[Opening Supplied data section]

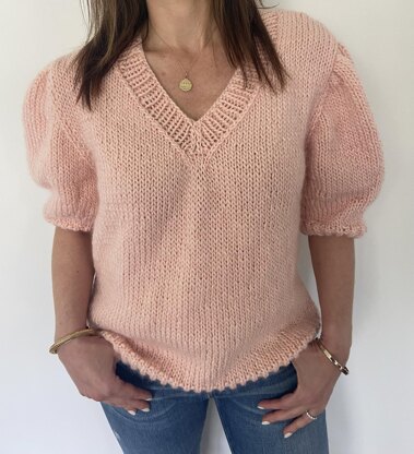 This design has a great simple shape with the added puff sleeve to make it the perfect addition to your wardrobe this season! It is a comfy and simple knit with a worsted weight yarn. Knit with a US#11 needle it is a great weight to wear in every season. You can easily make this sweater a crop top or even extend the length to make it longer.
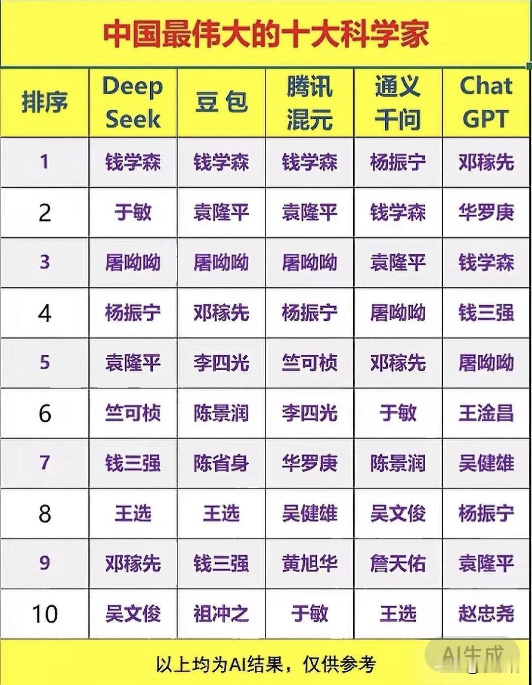 不同AI对“中国最伟大的十大科学家”给出的榜单差异不小,有排序不同,也有入选人物名单的区别。科学贡献难用名次衡量,可这类分歧榜单,哪一份契合你的评判呢?
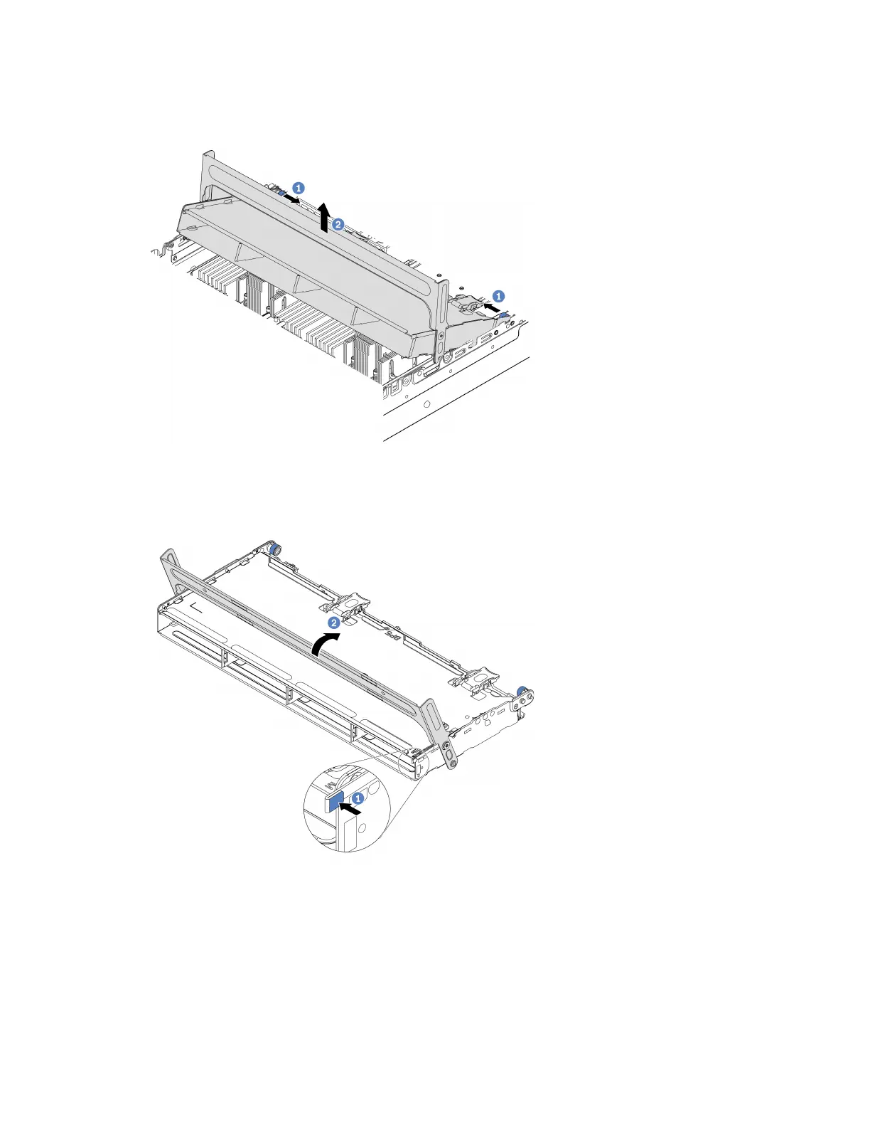 Figure 106. Closing the handle for the middle 3.5-inch drive cage
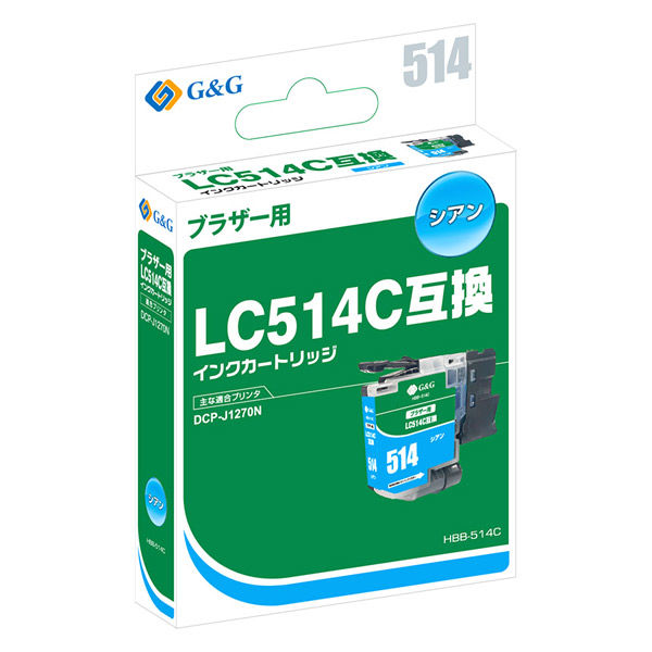 G&G ブラザー(brother)用 互換インクカートリッジ HBB-514C シアン LC514C互換 1個(直送品)

[Closing Supplied data section]

_Exercise instructions_
Leaving aside the pictures, copy the listing above exactly.

_Expected output_
 This design has a great simple shape with the added puff sleeve to make it the perfect addition to your wardrobe this season! It is a comfy and simple knit with a worsted weight yarn. Knit with a US#11 needle it is a great weight to wear in every season. You can easily make this sweater a crop top or even extend the length to make it longer.
 不同AI对“中国最伟大的十大科学家”给出的榜单差异不小,有排序不同,也有入选人物名单的区别。科学贡献难用名次衡量,可这类分歧榜单,哪一份契合你的评判呢?
 Figure 106. Closing the handle for the middle 3.5-inch drive cage
 G&G ブラザー(brother)用 互換インクカートリッジ HBB-514C シアン LC514C互換 1個(直送品)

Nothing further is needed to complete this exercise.